Penetapan perubahan keluarga penerima manfaat BLT Desa tahun anggaran 2025 melalui SK kepala desa dilakukan dengan proses partisipatif yang melibatkan musyawarah desa. Musyawarah ini bertujuan untuk memvalidasi dan menetapkan data keluarga miskin yang berhak menerima BLT berdasarkan kriteria dan data terpadu dari pemerintah. Kriteria utama untuk penerima manfaat adalah keluarga miskin yang berdomisili di desa dengan pengukuran menggunakan keluarga desil 1 sebagai sasaran utama penghapusan kemiskinan ekstrem.
Apabila data dari keluarga desil 1 tidak mencukupi, maka desa diperbolehkan menetapkan keluarga dari desil 2 hingga desil 4 sebagai calon penerima manfaat. Hal ini untuk memastikan bahwa bantuan mencakup keluarga yang memang dalam kondisi ekonomi paling sulit. Selain itu, apabila data desa tidak ada yang masuk kategori tersebut, maka kebijakan membuka kriteria lanjutan, antara lain keluarga yang mengalami kehilangan mata pencaharian, memiliki anggota keluarga sakit kronis atau disabilitas, tidak menerima bantuan sosial lain seperti PKH, kepala keluarga tunggal lanjut usia, dan perempuan kepala keluarga yang berada dalam kemiskinan.

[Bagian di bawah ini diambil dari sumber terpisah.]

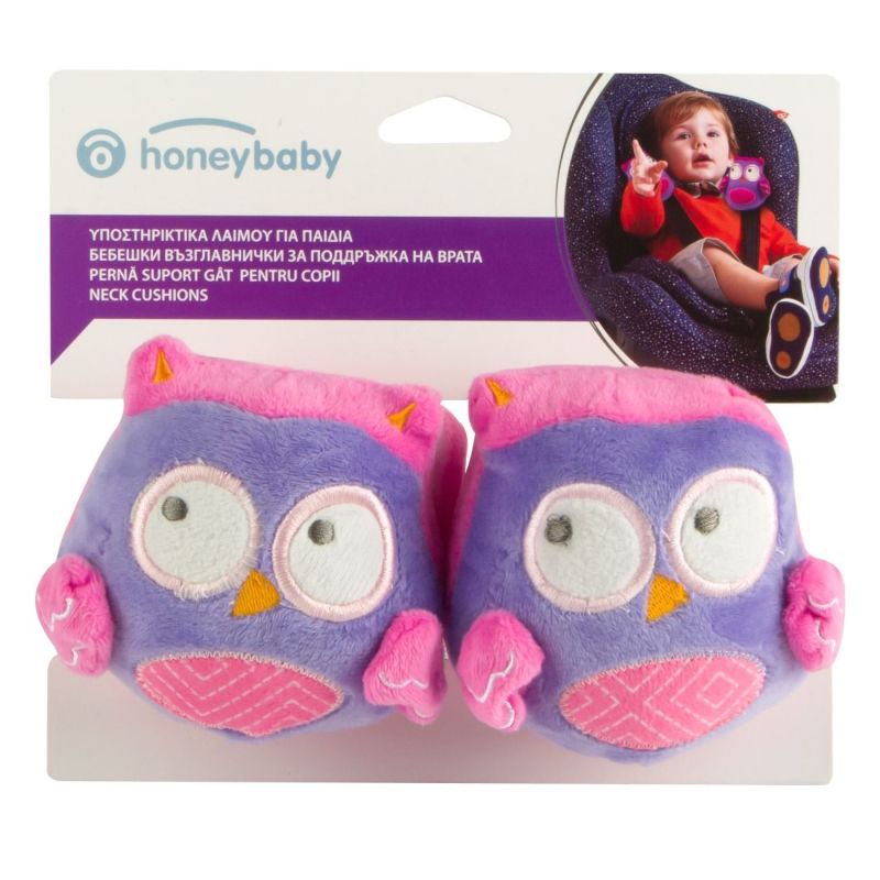 Комплект от 2 броя бебешки възглавнички във формата на симпатични сови в розов цват за поддръжка на врата по време на път в бебешкото столче за кола.

Besaran bantuan yang ditetapkan untuk penerima manfaat BLT Desa adalah Rp300.000 per bulan. Penyaluran dana BLT ini diatur agar diberikan mulai bulan yang ditentukan dalam SK sampai dengan Desember, dan bisa dibayarkan paling banyak untuk tiga bulan sekaligus secara tunai langsung kepada keluarga penerima. Transparansi dan akuntabilitas dalam proses ini menjadi kunci agar bantuan berjalan lancar dan tidak disalahgunakan.

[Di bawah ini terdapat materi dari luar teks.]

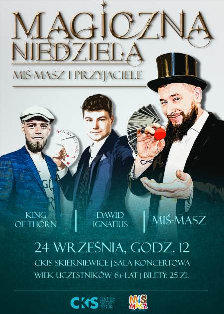 Miś Masz dał nam się już poznać ze swojej magicznej strony, ale teraz wystąpi na scenie razem ze swoimi przyjaciółmi również iluzjonistami, którzy przyjadą prosto z Torunia.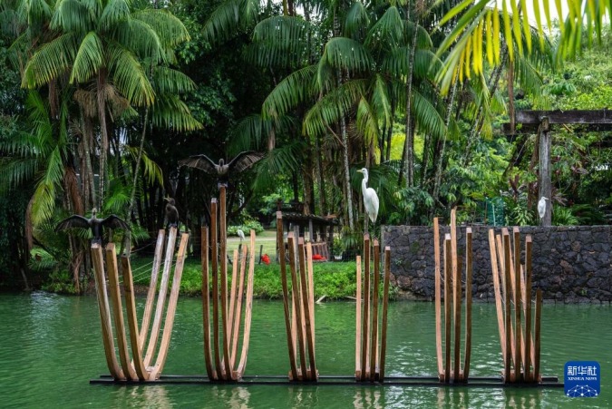 11月13日,在巴西贝伦的一座公园,游客在白鹭群中漫步。新华社记者 王天聪 摄

Keberadaan SK perubahan BLT Desa memiliki tujuan strategis dalam memperbaiki kualitas distribusi bantuan sosial di tingkat desa. Tujuan utama adalah memastikan bantuan sosial tepat sasaran, sehingga keluarga atau individu yang benar-benar membutuhkan dapat memperoleh dukungan keuangan yang meringankan beban hidup mereka. Perubahan daftar penerima BLT ini juga merupakan tindak lanjut dari dinamika sosial ekonomi yang mungkin terjadi, seperti perubahan status pekerjaan atau kondisi kesehatan keluarga penerima.

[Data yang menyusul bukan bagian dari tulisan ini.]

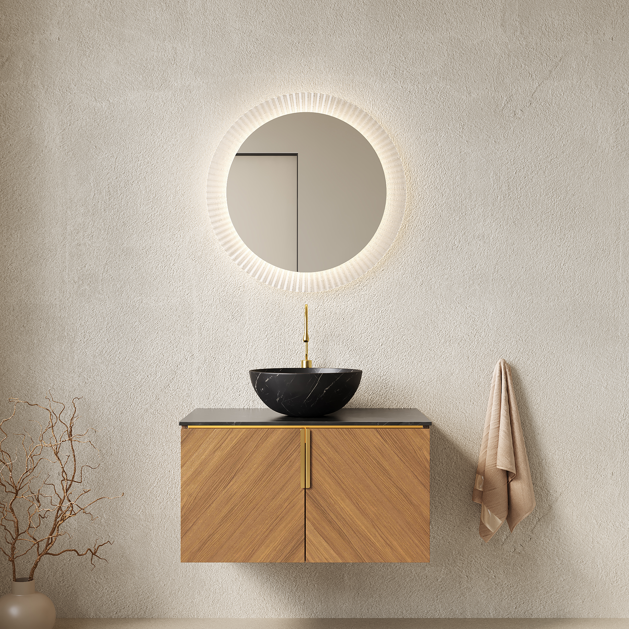 The cabinet is finished with a brown oak grain, and the door panels of the cabinet feature a unique and distinctive design of symmetrical diagonal textures. The brushed gold handles, crafted from high - quality metal, shine with a charming luster. The cabinet is made of high-quality plywood, it has excellent water and moisture resistance to ensure that not easy to be deformed or moldy even in a humid bathroom environment. *Please noted that the panel may have different color and grain pattern under the different light.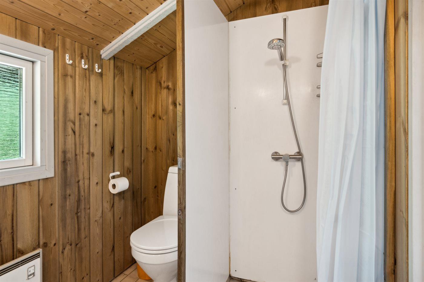 Der er 1 badeværelse med bruseniche og 1 toilet.

Manfaat lainnya adalah sebagai alat pengendalian dan pengawasan terhadap dana desa, terutama dana yang diperuntukkan untuk BLT. Dengan adanya SK yang resmi, pemerintah desa bisa menunjukkan transparansi dalam pengelolaan anggaran desa dan menjawab kebutuhan administrasi yang sah sesuai peraturan. Hal ini juga membantu mencegah adanya penerima BLT yang tidak memenuhi syarat atau data tidak valid.